Phosphatase activity assays were carried out at 20°C and 60°C as described in the Materials and Methods section. (A–B) Enzymatic reactions were carried out using 100 μM DiFMUP for 1 h with 10 nM purified recombinant Tk-PTP proteins in the 100 μL reaction buffer at pH 5.0 (A) or at the indicated pH levels (B). Tk-PTP, but not Tk-PTP(C93S), has dephosphorylating activity (A), which is optimum at pH 4.5–5.0 (B). (C) Kinetic parameters of 11 types of Tk-PTP proteins are listed. Enzymatic reactions were carried out with purified recombinant Tk-PTP proteins in 100 μL reaction buffer (pH 5.0). Production of DiFMU was detected by measuring fluorescence at 2 min intervals for 10 min, with DiFMUP concentrations of 50, 100, 250, 500, 1000, and 1500 μM. Initial velocity data at each substrate concentration were obtained by detecting the release of DiFMU between 2 and 10 min after the start of reaction, which was calculated from the slope of the each progress curve. Using these data, Michaelis-Menten curves shown in S6 Fig were obtained using the program OriginPro 8.0, by fitting the initial velocities against each DiFMUP concentrations to the hill equation with hill coefficient of 1. Subsequently, Lineweaver-Burk plots shown in S7 Fig were interpreted for the determination of Vmax, kcat and KM values.
Fig 6.
Characterization of thermostability of Tk-PTP.

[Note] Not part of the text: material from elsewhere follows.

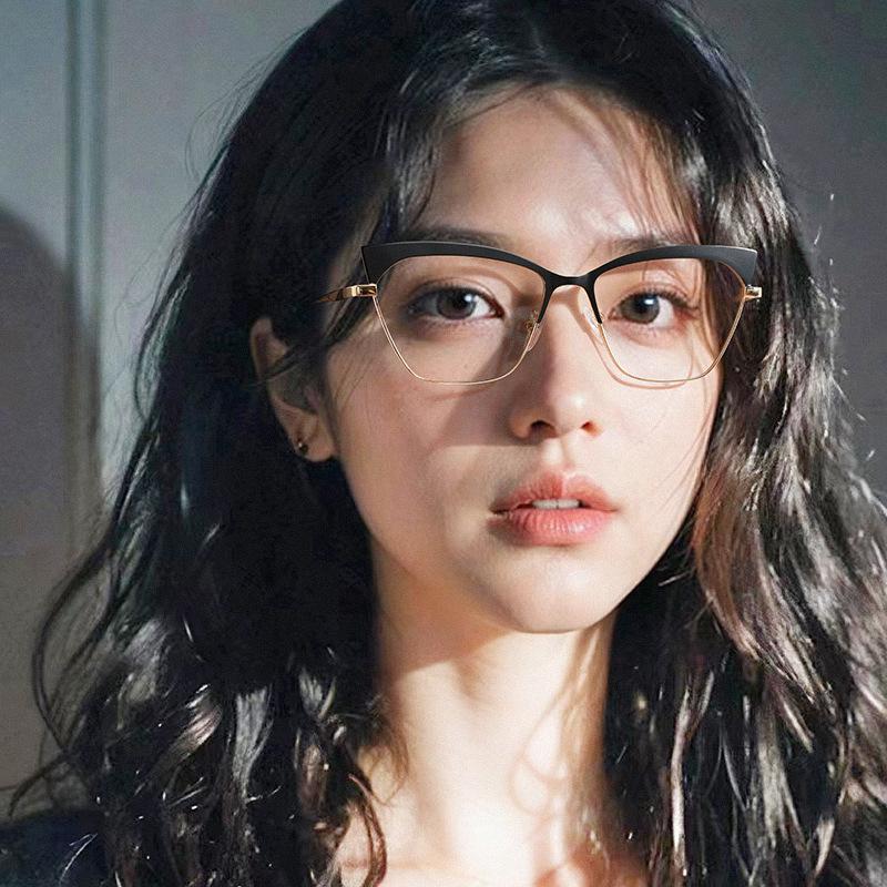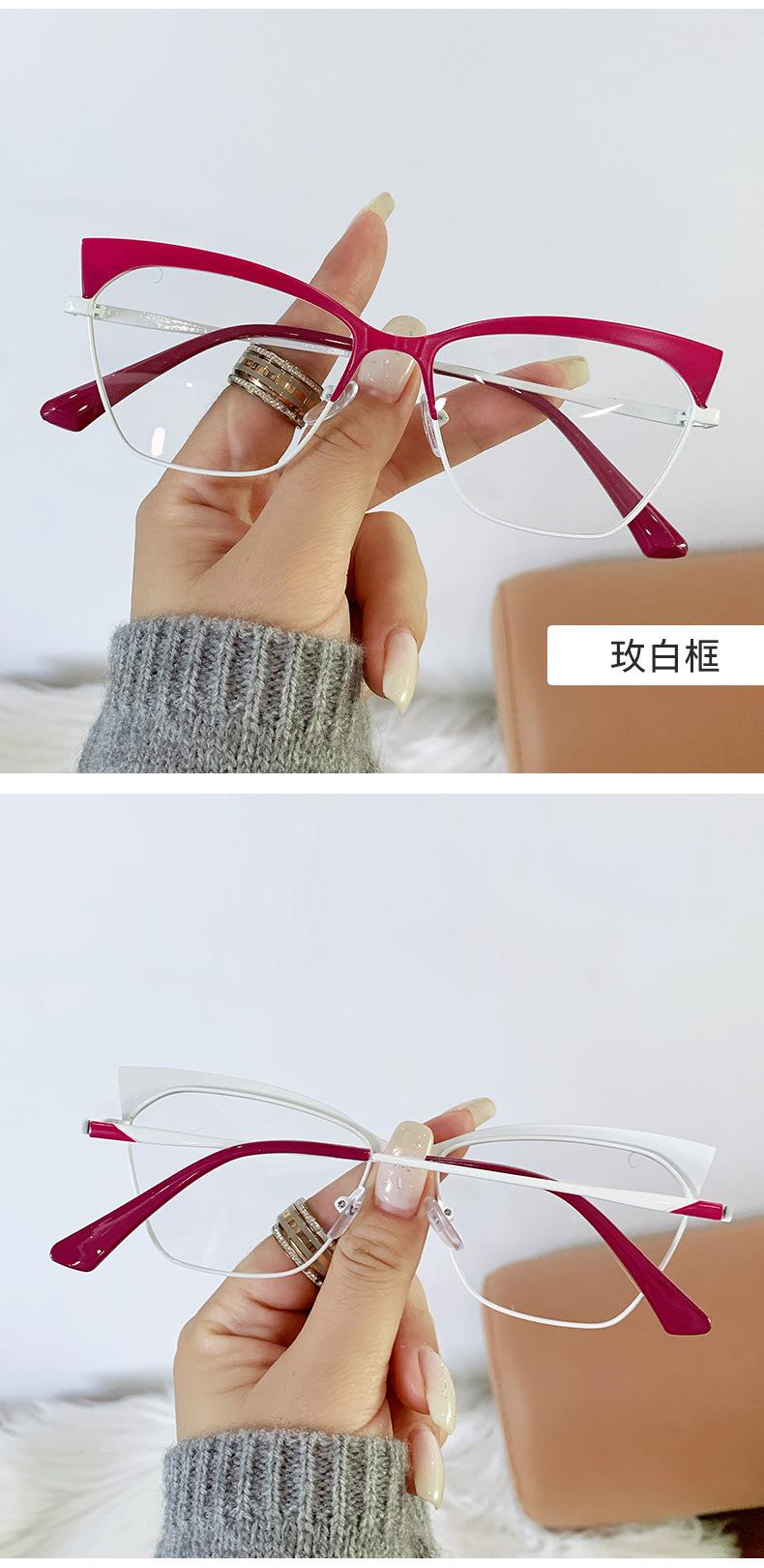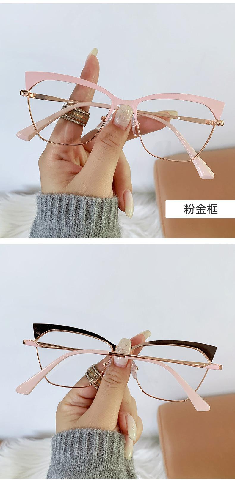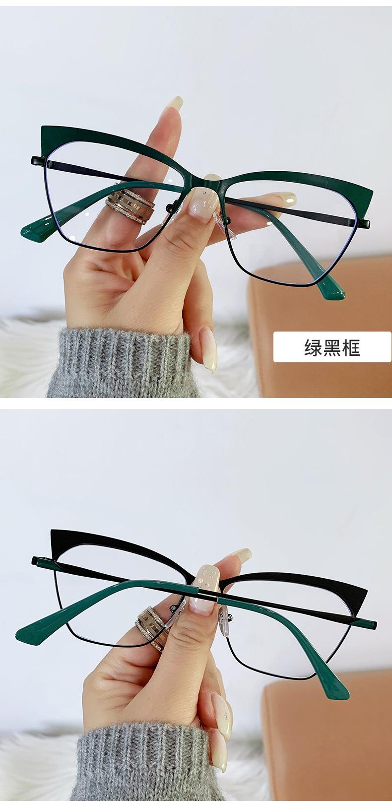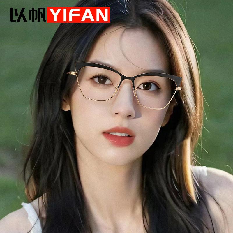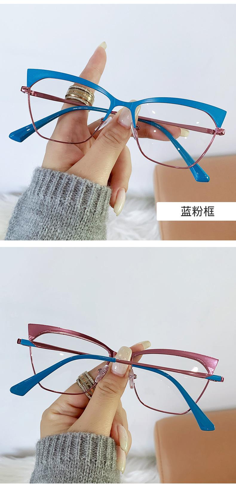 Armazón de gafas ojo de gato estilo europeo y americano moderno metal ceja gafas planas comercio exterior moda网红 transfronterizo gafas anti-luz azul
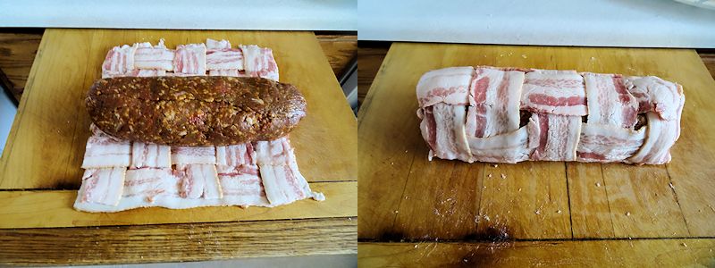 25. Take off the plastic wrap and roll the fatty in the bacon weave.

(A) Melting points of three different constructs of Tk-PTP and four PTP proteins. All the measurements were carried out twice. (B) Number of intramolecular carbon−carbon contacts within 4.5 Å mediated by side chain atoms of Tk-PTP and three human DUSP proteins are analyzed and compared. “Hydrophilic functional group” includes imidazole of histidine, guanidinium of arginine, carboxylates of aspartate or glutamate, and amides of asparagine or glutamine. (C) Intramolecular interactions within Tk-PTP(form II) and DUSP3. The three hydrophobic residues of Tk-PTP that were substituted in A and the corresponding residues of DUSP3 are marked in red.
Fig 7.
Structural comparison with SsoPTP.
(A) Sequence alignment of Tk-PTP and SsoPTP. The secondary structure of Tk-PTP is shown together. Aligned residues are shaded green. The P-loop residues are presented in orange, and the GG motifs are highlighted by rectangles. (B) Structural alignment of Tk-PTP(form II) and SsoPTP in stereo views. Cα trace (top) and P-loop in sticks (bottom) of Tk-PTP(form II) are superimposed on those of SsoPTP. The P-loop and α4−α5 loop regions are indicated by dotted circles or rectangles, respectively (top). (C) The P-loop and α4−α5 loop regions of Tk-PTP(form II) are structurally compared to those of SsoPTP. Dotted circles highlight the guanidinium group of Arg127 of Tk-PTP(form II) or that of Arg130 of SsoPTP. Hydrogen bonds described in the main text are presented as dashed lines.